UnPaSt preprint: https://arxiv.org/abs/2408.00200.

Code: https://github.com/ozolotareva/unpast_paper/

Quick Start

Using UnPaSt online

Run UnPaSt at CoSy.Bio server

Local installation

UnPaSt is available on PyPI and can be installed using pip

pip install unpast

wget https://github.com/ozolotareva/unpast/raw/refs/heads/main/unpast/tests/test_input/synthetic_clear_biclusters.tsv
unpast --exprs synthetic_clear_biclusters.tsv

To use --clustering WGCNA method instead of default one, you would also need to install the necessary R packages (see Requirements below).

Running in Docker

UnPaSt is also available as a Docker image, preinstalled R packages included. To pull the Docker image:

# load image and example data
docker pull freddsle/unpast
wget https://github.com/ozolotareva/unpast/raw/refs/heads/main/unpast/tests/test_input/synthetic_clear_biclusters.tsv

# run UnPaSt in a Docker environment with current directory and user
docker run --rm -it -u $(id -u):$(id -g) -v "$(pwd)":/data \
  freddsle/unpast \
    --exprs /data/synthetic_clear_biclusters.tsv \
    --out_dir /data/results/synthetic_clear_biclusters 

To use some previous docker version, replace freddsle/unpast with freddsle/unpast:<version> with a specific version tag, see available tags here.

Development setup

Developer mode allows you to run modified UnPaSt code. This is useful for local updates or contributing to the project.

Docker development environment

To run UnPaSt in a Docker container with the latest code from the repository, you can use the following command:

# Clone the repository to get code
git clone https://github.com/ozolotareva/unpast.git
cd unpast

# Define the command to run UnPaSt 
# using unpast.run_unpast to surpass pre-insalled version from the Docker image
command="python -m unpast.run_unpast --exprs unpast/tests/scenario_B500.exprs.tsv.gz --basename results/scenario_B500 --verbose"

# Run UnPaSt using Docker
docker run --rm -it -u $(id -u):$(id -g) -v "$(pwd)":/data --entrypoint bash freddsle/unpast -c "cd /data && $command"

Requirements

UnPaSt requires Python 3.9-3.11 and certain Python and R packages.

Python and R dependencies

Python Dependencies

The Python dependencies are installed automatically when installing via pip (see pyproject.toml).

They include (with recommended versions):

fisher = ">=0.1.9,<=0.1.14"
pandas = "1.3.5"
python-louvain = "0.15"
matplotlib = "3.7.1"
seaborn = "0.11.1"
numba = ">=0.51.2,<=0.55.2"
numpy = "1.22.3"
scikit-learn = "1.2.2"
scikit-network = ">=0.24.0,<0.26.0"
scipy = ">=1.7.1,<=1.7.3"
statsmodels = "0.13.2"
kneed = "0.8.1"

R Dependencies

For the WGCNA clustering method, UnPaSt requires R and specific R packages.
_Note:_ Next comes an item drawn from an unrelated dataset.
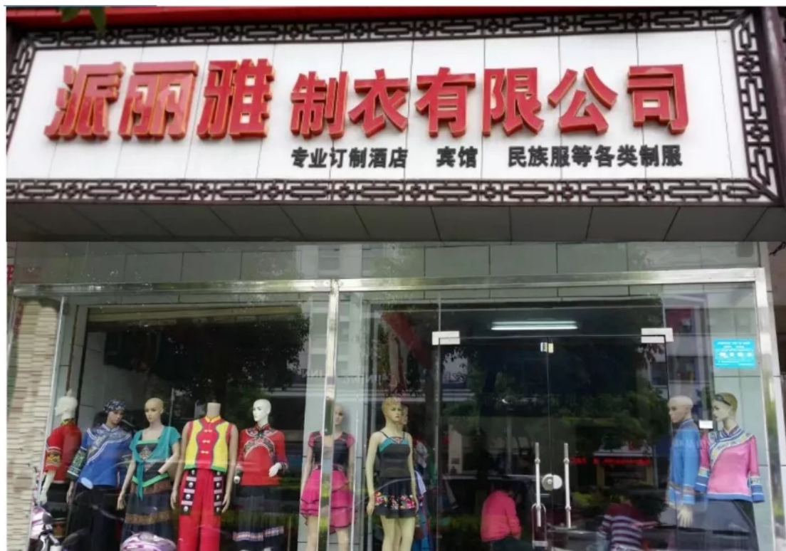
派丽雅制衣有限公司门市部（2016年5月）

UnPaSt utilizes R packages for certain analyses. Ensure that you have R installed with the following packages:

  • WGCNA (version 1.70-3 or higher)
  • limma (version 3.42.2 or higher)

Installing R

Ensure that R (version 4.3.1 or higher) is installed on your system. You can download R from CRAN.

It is recommended to use BiocManager for installing R packages:

install.packages("BiocManager")
BiocManager::install("WGCNA")
BiocManager::install("limma")

API Reference

Input

UnPaSt requires a tab-separated file with features (e.g. genes) in rows, and samples in columns.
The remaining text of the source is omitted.